Can anyone provide links to articles or posts indicating that PHP will eject application source under a heavy load?

It’s infinitely more likely that Facebook’s problems were caused by a system administrator breaking some web server configuration (possibly not even PHP-specific configuration), or a new installation of a mod_php build that hadn’t been tested properly in a non-production environment.

Cubrilovic’s second amendment to his article links to an article on his own blog, Learning from Facebook: Preventing PHP Leakage.

Given the likelihood of this issue’s cause being server misconfiguration, it is disturbing that Cubrilovic’s first tip for avoiding this kind of problem is to install and correctly configure the powerful and complex Apache module mod_security. After all, if the a sysadmin can’t get Apache and PHP configured properly, how likely is it that they’ll be able to get two modules configured properly?

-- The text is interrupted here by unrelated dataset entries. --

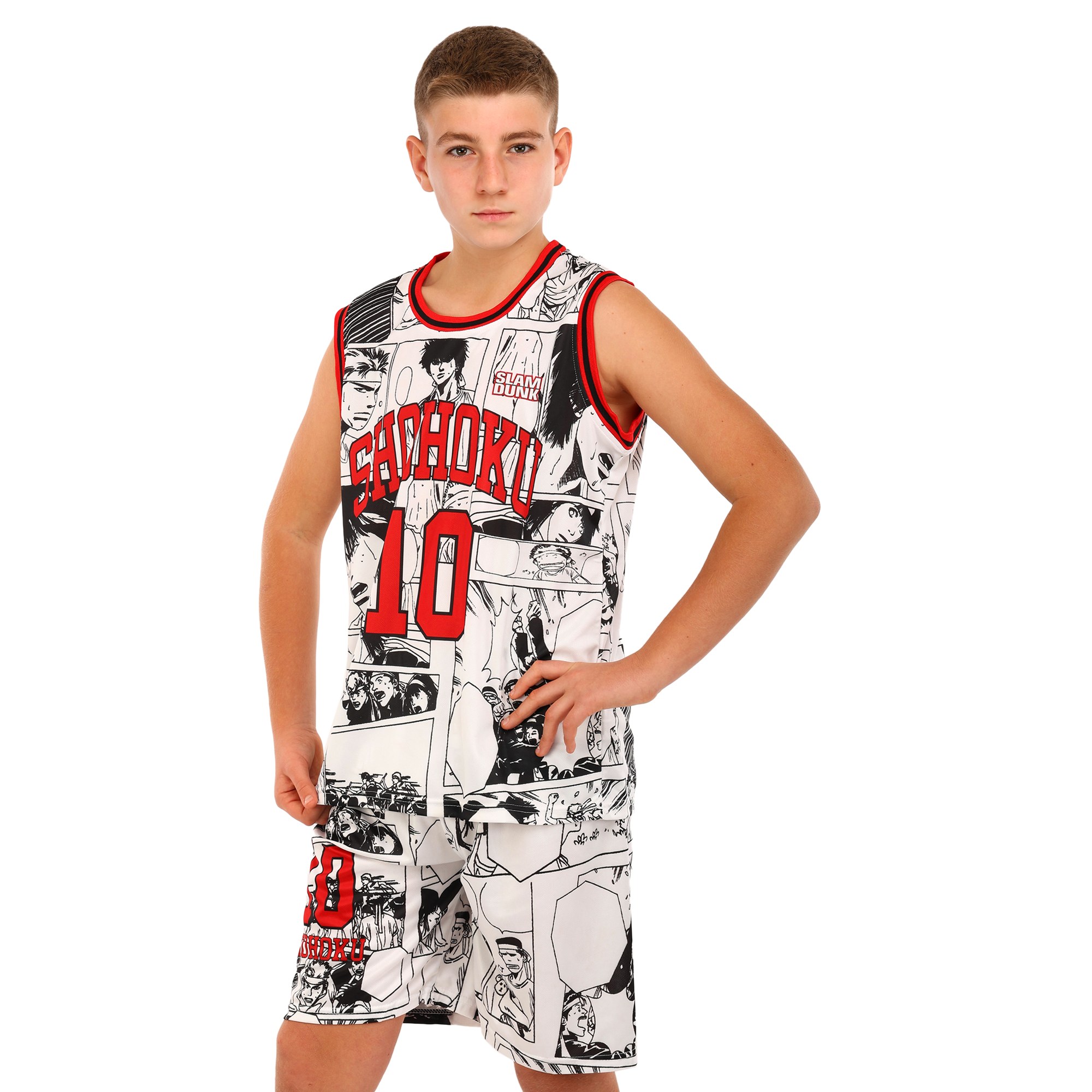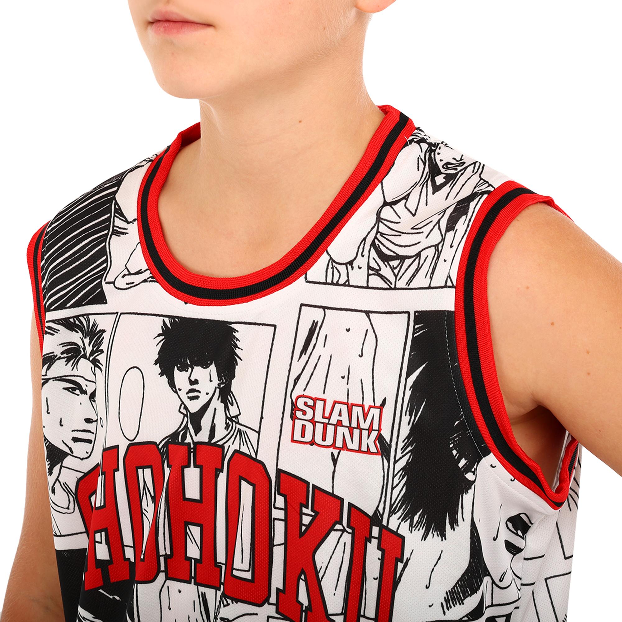Детская баскетбольная форма выполнена в стиле клуба Shuhoku в белом цвете. Комплект состоит из шорт и майки, на котором указан номер 10. Это отличное решение для детей, которые увлекаются баскетболом, а также популярным аниме. Благодаря использованию в качестве материала изготовления полиэстера форма отличается высокой прочностью, лёгкостью и долговечностью. Ткань не выгорает на солнце и не тускнеет после многократных стирок. Она воздухопроницаемая, поэтому позволяет телу эффективно охлаждаться даже во время тренировок в жаркое время года. Дизайн формы включает яркие принты.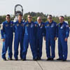 The six astronauts to fly Endeavour's final orbital voyage have jetted into the Kennedy Space Center for this week's countdown dress rehearsal with the space shuttle launch team.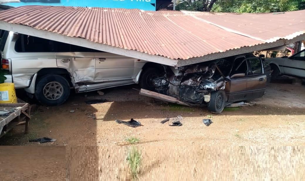 Producto del hecho de tránsito los vehículos que estaban estacionados terminaron con daños de consideración en sus carrocerías ya que además ser colisionados el techo de un alero que los cubría les cayó encima, por lo que el conductor involucrado deberá hacer frente a la reparación de los mismos.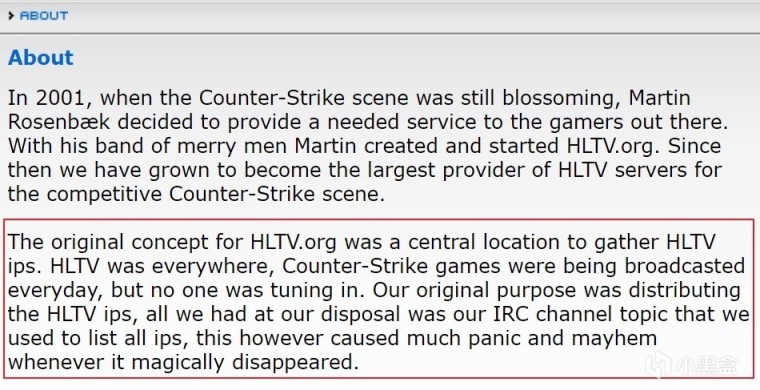 框内大致意思是,HLTV的最初概念是一个收集IP地址并将其集成的地方。CS每天到处都有直播,但是没人看。我们的初衷是收集IP并将其完整列出(供玩家观众观看)。

The rest of Cubrilovic’s tips also relate largely to web server configuration, such as making certain files inaccessible from direct requests.

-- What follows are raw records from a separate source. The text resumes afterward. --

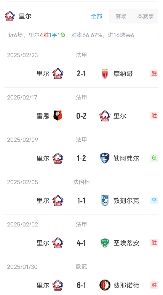 里尔首发:30-舍瓦利耶、4-亚历山德罗-里贝罗、5-古德蒙森、12-穆尼耶、18-迪亚凯特、20-巴克、6-本塔莱、17-穆卡、21-邦雅曼-安德烈、8-安赫尔-戈麦斯、24-阿克波姆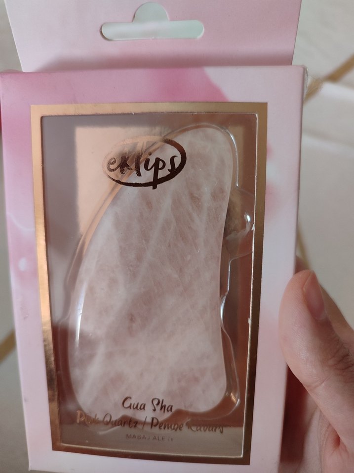 Eklips pembe kuvars Gua Sha yüz masaj taşı, cilt dolaşımını artırmak ve rahatlama sağlamak için tasarlanmıştır. Pürüzsüz pembe kuvars taşından yapılmıştır. yenidir bir kere kullanıldı kırığı yok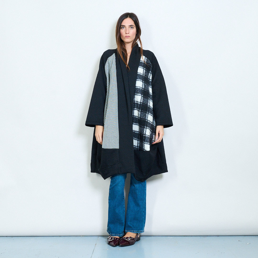 Patchwork Longline płaszcz z mieszanymi wzorami i szerokimi rękawami hurtowymi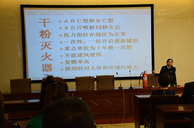 接着,汉文系根据学校综治委的相关工作部署,在学校保卫处的协助下邀请到内蒙古宜玖消防知识宣传有限公司乌兰教官作消防安全知识讲座。
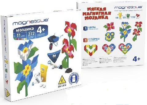 Magneticus Set creatie "Midi mozayka flori" Magneticus Mагнитная Мозаика "Цветы" Дети очень любят складывать из разноцветных деталей мозаики яркие картинки. Но в этот раз в их распоряжении появятся не просто красочные полимерные элементы, а еще и магнитные, что позволяет им надежно прикрепляться к любой металлической поверхности и даже к кухонному холодильнику. В наборе представлены мягкие элементы мозаики разной формы и ярких цветов, из которых дети смогут собрать красочную картинку. Сборка красочных картинок из разноцветных деталей станет не только интересным видом досуга, но и тренировкой для мелкой моторики рук. В комплекте: 272 элемента, листовка с образцами. Рекомендуемый возраст: 4 года +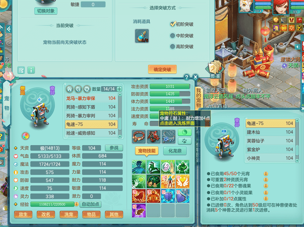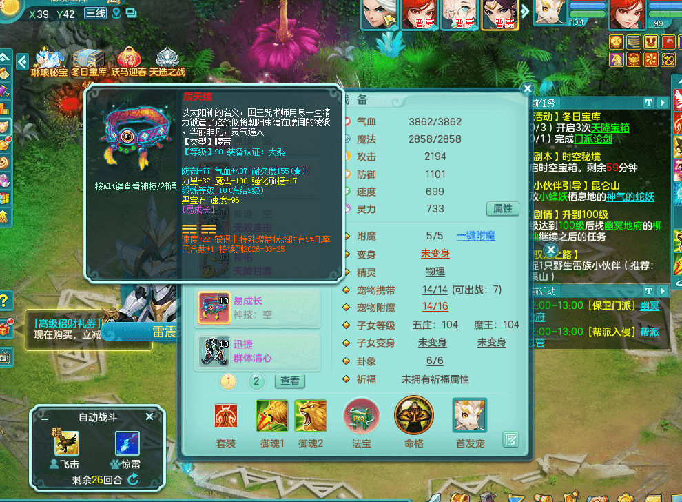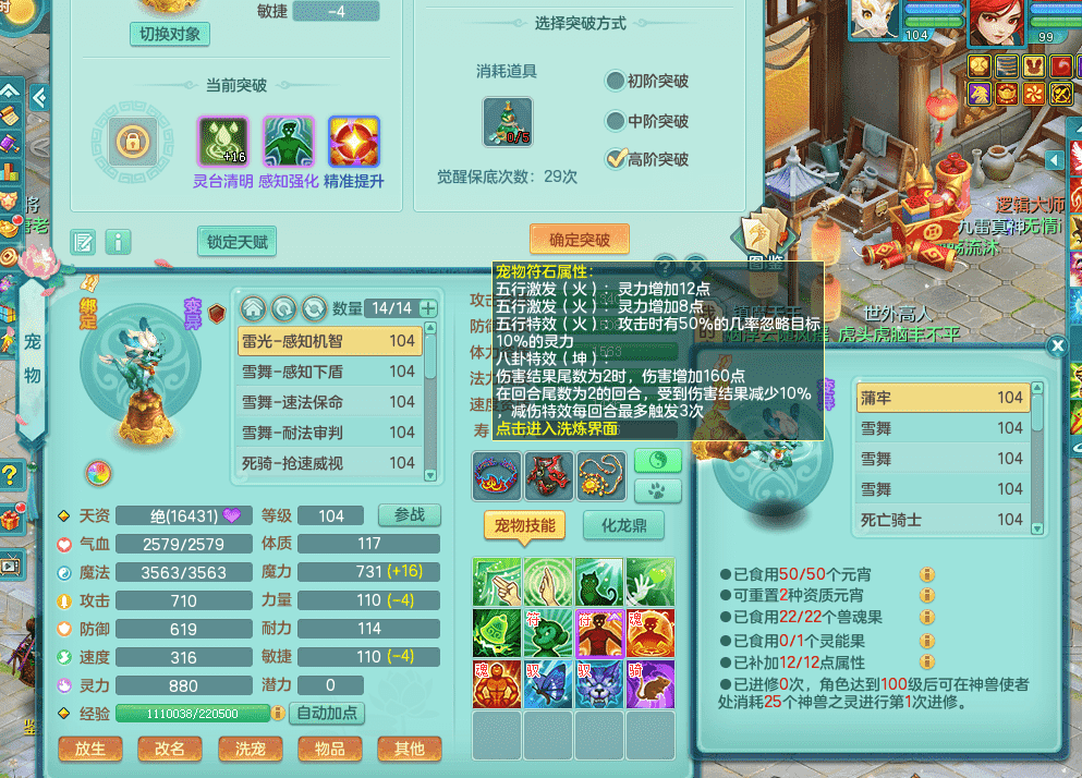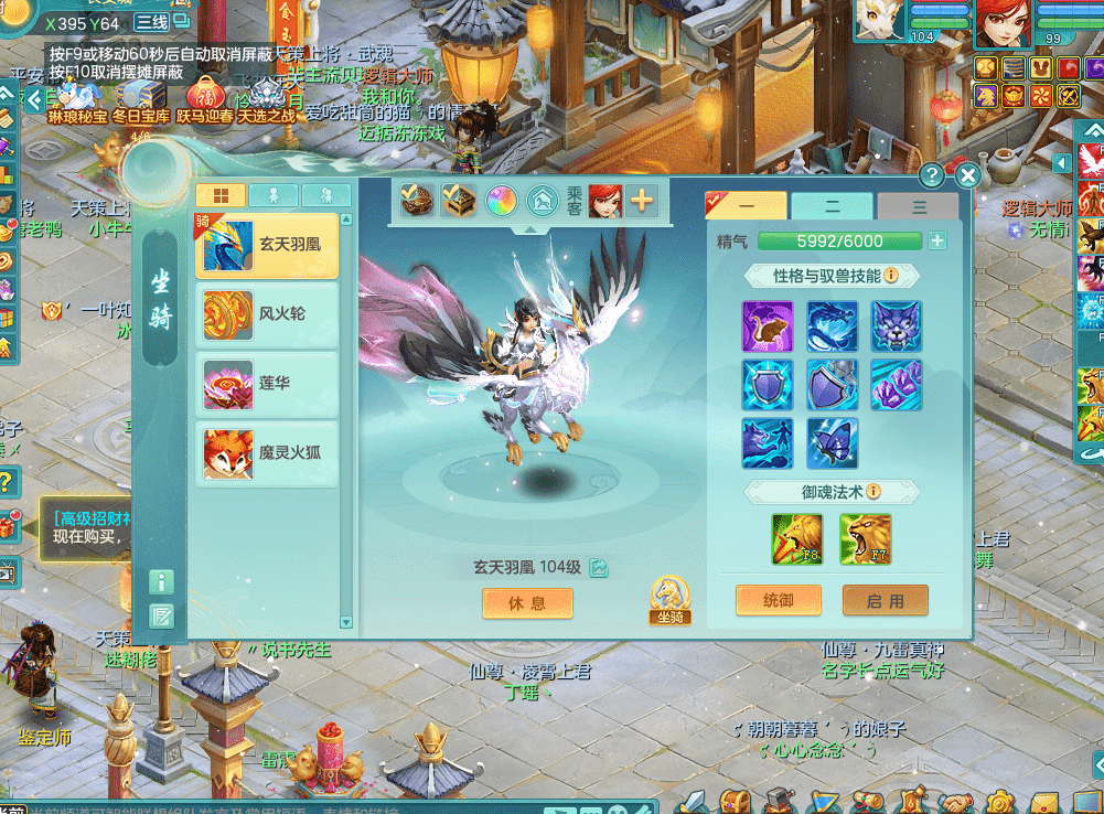 tx9326天下无双 99女万兽,双飞坐骑,2.5基础+42攻击化龙鼎 天上人间庭院,1龙无内,1内神(龙马),8觉醒5真6字13+满果子,三精灵(物,法,辅)有配套装备 可玩三系

The disappointing part of the FUD that Cubriolovic is spreading is that anything more than decent release practices are necessary to address and avoid the problem Facebook experienced.

I can only imagine why Cubrilovic has invested this weekend in undermining people’s faith in PHP’s reliability under heavy load. What I can tell you, though, is this:

PHP doesn’t cause website problems and inadvertent code leaks. People making mistakes while using PHP and other powerful tools do.

However, that fact isn’t worthy of two articles, so perhaps that’s why Cubrilovic went with the PHP-as-boogeyman-that-must-be-defended-against approach instead.

What’s the take-away from all this? Servers are powerful, and can be complicated. Tread carefully. Don’t roll untested configurations of web servers and related modules out on production without testing them in an identical staging environment.

Know what you’re doing, and do it carefully.

#Original Post Comments

On Sunday, August 12th, 2007 at 8:51 am, Antony Dovgal said:

It’s similar to saying that 2×2 = 5 under high load. Nonsense.

On Sunday, August 12th, 2007 at 3:28 pm, McLion said:

Hmm…maybe a clue… php was not running on apache or at least not as mod_php… fastcgi is for heavyload sites better as for memory consumation…

When the web server displays the source? Easy…when php dies… you’re running X PHP instances (fastcgi interface), something happens (not stable PHP installation), it dies…bum, you’re serving sources

On Monday, August 13th, 2007 at 8:53 am, Mike Malone said:

When I read that article I thought the exact same thing. I’ve had single CPU servers running with a load average over 50 (it wasn’t pretty). Responses lagged like hell, but I’ve never seen mod_php barf up source code.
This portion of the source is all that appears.